◆ **The data**
■ ■ ■

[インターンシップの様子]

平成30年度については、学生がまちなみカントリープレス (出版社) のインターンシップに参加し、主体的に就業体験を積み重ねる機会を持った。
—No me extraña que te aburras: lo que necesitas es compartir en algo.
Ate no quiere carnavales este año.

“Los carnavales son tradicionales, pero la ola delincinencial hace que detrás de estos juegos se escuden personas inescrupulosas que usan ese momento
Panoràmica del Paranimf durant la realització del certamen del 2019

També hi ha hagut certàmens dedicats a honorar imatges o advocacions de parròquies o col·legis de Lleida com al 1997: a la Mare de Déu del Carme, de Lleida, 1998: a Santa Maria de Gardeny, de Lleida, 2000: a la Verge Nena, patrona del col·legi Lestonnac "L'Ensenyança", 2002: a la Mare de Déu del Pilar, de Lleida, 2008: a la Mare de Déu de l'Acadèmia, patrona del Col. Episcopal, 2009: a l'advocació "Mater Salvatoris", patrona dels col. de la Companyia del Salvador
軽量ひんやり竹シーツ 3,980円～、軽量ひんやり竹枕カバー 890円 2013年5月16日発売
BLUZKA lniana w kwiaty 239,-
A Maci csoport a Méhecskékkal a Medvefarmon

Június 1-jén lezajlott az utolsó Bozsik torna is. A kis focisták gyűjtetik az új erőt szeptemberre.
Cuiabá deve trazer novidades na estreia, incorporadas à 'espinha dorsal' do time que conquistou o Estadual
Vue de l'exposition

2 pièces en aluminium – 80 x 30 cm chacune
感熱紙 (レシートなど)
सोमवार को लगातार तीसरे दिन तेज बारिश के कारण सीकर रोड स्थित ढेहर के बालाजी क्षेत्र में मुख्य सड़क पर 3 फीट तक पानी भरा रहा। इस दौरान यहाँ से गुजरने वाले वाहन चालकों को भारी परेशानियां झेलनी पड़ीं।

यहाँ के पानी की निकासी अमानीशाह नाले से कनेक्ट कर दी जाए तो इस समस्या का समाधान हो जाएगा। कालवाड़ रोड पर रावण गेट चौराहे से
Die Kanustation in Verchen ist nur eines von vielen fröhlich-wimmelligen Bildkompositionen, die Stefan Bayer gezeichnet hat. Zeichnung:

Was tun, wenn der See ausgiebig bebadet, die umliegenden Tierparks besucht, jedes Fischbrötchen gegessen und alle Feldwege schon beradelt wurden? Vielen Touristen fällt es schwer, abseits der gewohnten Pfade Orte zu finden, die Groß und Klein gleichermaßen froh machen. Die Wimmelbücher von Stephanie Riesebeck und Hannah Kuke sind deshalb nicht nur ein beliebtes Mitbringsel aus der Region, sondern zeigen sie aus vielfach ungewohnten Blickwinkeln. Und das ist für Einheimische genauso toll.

■ ■ ■

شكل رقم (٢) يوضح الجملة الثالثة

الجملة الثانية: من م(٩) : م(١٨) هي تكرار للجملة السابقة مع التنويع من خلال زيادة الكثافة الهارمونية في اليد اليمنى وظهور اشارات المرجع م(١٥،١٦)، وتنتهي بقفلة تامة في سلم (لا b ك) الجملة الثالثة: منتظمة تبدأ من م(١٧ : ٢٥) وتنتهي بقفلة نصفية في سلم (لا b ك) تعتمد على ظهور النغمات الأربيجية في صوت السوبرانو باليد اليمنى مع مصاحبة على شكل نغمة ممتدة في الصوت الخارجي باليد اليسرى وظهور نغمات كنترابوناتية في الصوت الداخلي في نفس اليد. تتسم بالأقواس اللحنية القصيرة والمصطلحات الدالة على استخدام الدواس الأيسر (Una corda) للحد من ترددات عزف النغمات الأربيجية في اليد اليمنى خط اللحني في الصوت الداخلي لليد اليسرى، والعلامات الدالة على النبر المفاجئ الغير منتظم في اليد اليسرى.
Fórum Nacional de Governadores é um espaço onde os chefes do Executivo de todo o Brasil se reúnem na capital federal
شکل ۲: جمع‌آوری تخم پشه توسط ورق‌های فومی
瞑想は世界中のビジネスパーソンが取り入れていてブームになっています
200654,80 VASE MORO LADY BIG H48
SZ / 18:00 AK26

■ ■ ■

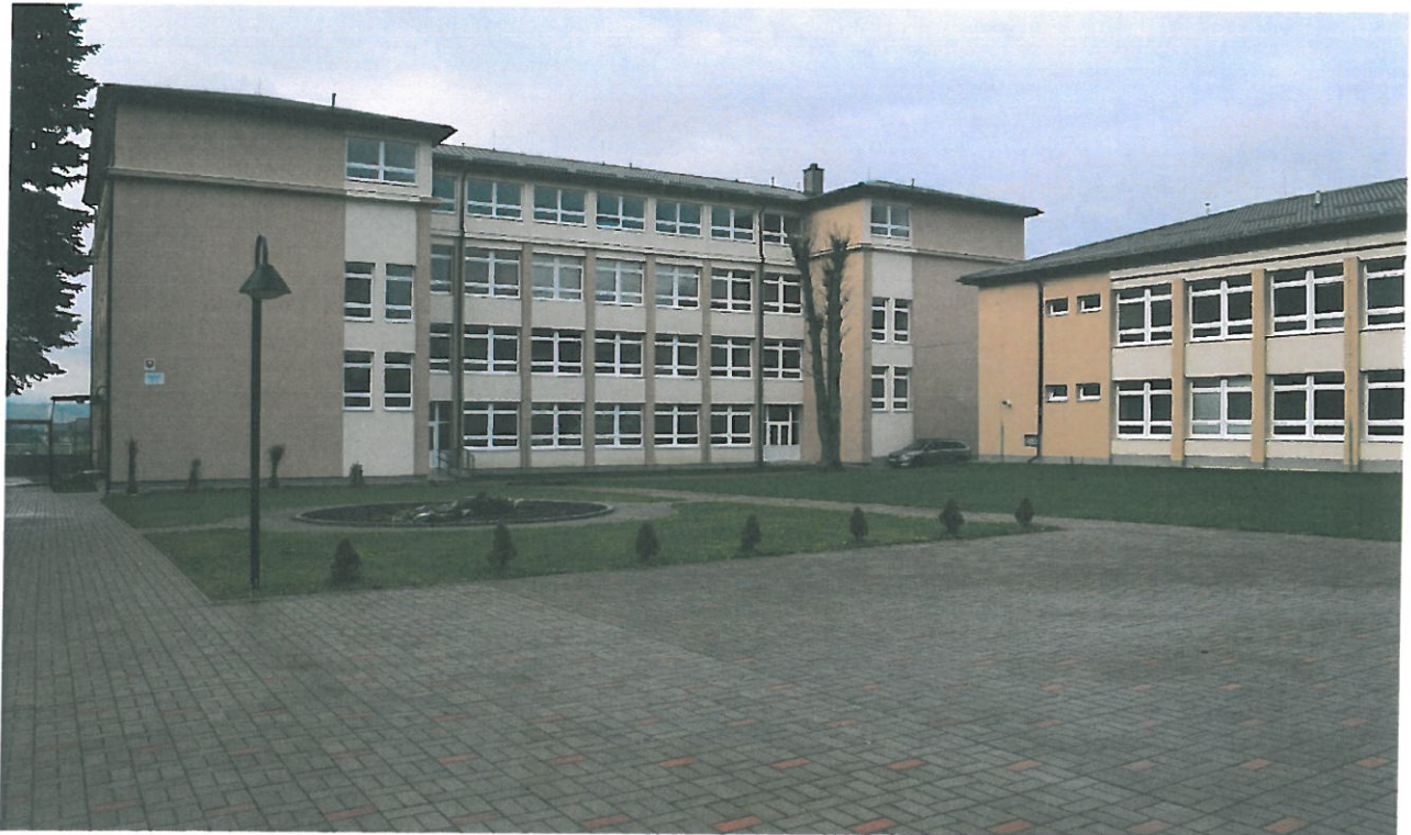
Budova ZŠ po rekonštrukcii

■ ■ ■

◆ **Assignment**
Say how many lines in the listing above include "الجملة". Give nothing but the number.

◆ **Output below**
2